So, how do you challenge this testimony?

Before listening to the presentation of Greg Hampikian, PhD, at the National Child Abuse Defense and Resource Center’s seminar last October, we were relegated to using the tried (tired?) tactics to challenge this one-in-however-many billion, trillion, quadrillion, or quintillion chance testimony. These tactics include: (1) challenging the methodology used in testing the sample(s), especially when a mixture of DNA was tested; (2) challenging chain of custody or errors in sampling; (3) challenging the technician on his or her methodology in light of known errors; (4) challenging the degradation of the DNA specimen; (5) challenging the methodology of calculating the chances; (6) challenging the underlying study that is used to calculate these chances; (7) challenging the possibility of contamination of the sample; (8) challenging the lab based on its history of past errors, etc.9 This is not an exhaustive list, but those of us who have challenged DNA know them all.

Wouldn’t it be nice to have some new “bullets” to put into your cross-examination “gun”?10 Or to have some additional aces (bullets) to lay down when playing poker with the State’s experts on DNA?11 Or to be able to force the State’s expert to have to bite the bullet and concede that their opinions are flawed, if not outright wrong?12

Dr. Hampikian gave everyone who attended the NCADRC seminar several new aces (bullets) to use when playing poker with the State’s expert and trying to trump the State’s expert’s testimony on DNA evidence.13

Dr. Hampikian’s First Bullet

The first bullet was to get us lawyers to understand the difference between chance and probabilities (statistics).14

For instance, take the question of what is the number of people you have to have in a room to have a better than 50% probability of two of them sharing the same birthday? Call this the birthday problem. People will guess at anywhere from 366 to 183 and they will be wrong. This is a simple example of how people (jurors) confuse chance with probabilities (statistics).
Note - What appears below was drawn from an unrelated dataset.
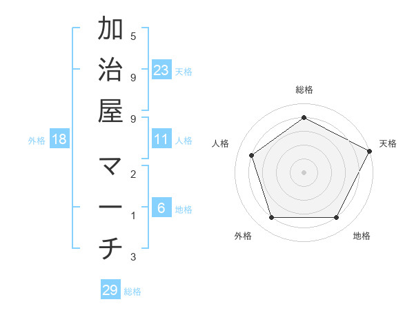 加治屋 マーチさんの天格は23画の5点!

The birthday problem asks how many people you need to have at a party so that there is a better-than-even chance that two of them will share the same birthday. Most people think the answer is 183, the smallest whole number larger than 365/2. In fact, you need just 23. That’s right, 23.
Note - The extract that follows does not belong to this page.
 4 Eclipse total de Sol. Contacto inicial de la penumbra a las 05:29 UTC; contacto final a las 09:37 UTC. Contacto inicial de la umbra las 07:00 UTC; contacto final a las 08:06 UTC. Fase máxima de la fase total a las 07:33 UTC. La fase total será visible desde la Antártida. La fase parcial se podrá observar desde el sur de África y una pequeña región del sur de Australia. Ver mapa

The answer 183 is the correct answer to a very different question: How many people do you need to have at a party so that there is a better-than-even chance that one of them will share your birthday?

If there is no restriction on which two people will share a birthday, it makes an enormous difference. With 23 people in a room, there are 253 different ways of pairing two people together, and that gives a lot of possibilities of finding a pair with the same birthday.
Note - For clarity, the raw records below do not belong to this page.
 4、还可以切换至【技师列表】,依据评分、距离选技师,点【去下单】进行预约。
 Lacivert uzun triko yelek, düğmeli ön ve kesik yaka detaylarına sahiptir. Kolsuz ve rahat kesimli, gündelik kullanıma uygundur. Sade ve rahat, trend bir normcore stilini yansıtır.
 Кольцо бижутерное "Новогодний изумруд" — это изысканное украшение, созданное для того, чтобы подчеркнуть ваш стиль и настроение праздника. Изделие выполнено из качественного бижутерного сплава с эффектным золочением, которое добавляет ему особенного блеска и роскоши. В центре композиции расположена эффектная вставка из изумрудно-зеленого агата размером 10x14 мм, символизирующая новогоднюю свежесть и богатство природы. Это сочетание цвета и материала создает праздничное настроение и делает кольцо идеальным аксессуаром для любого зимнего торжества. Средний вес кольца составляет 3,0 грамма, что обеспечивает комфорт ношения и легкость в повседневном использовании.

Here is the precise calculation. To figure out the exact probability of finding two people with the same birthday in a given group, it turns out to be easier to ask the opposite question: what is the probability that no two will share a birthday—i.e., that they will all have different birthdays? With just two people, the probability that they have different birthdays is 364/365, or about .997. If a third person joins them, the probability that this new person has a different birthday from those two (i.e., the probability that all three will have different birthdays) is (364/365) x (363/365), about .992. With a fourth person, the probability that all four have different birthdays is (364/365) x (363/365) x (362/365), which comes out at around .983. And so on. The answers to these multiplications get steadily smaller. When a twenty-third person enters the room, the final fraction that you multiply by is 343/365, and the answer you get drops below .5 for the first time, being approximately .493. This is the probability that all 23 people have a different birthday. So, the probability that at least two people share a birthday is 1 - .493 = .507, just greater than ½.15

Carrying this out to 30 people and the answer you get drops to approximately .293. So the probability that at least two people share a birthday with 30 people in the room is 1 - .293 = .707, or greater than 70%. Carrying this out to 35 people and the answer you get drops to approximately 0.185. So the probability that at least two people share a birthday with 35 people in the room is 1 - .185 = .815, or greater than 80%. Carrying this out to 40 people and the answer you get drops to approximately 0.108. So the probability that at least two people share a birthday with 40 people in the room is 1 - .108 = .892, or almost 90%. Carrying this out to 44 people and the answer you get drops to approximately .007. So the probability that at least two people share a birthday with 44 people in the room is 1 - .007 = .993, or greater than 99%.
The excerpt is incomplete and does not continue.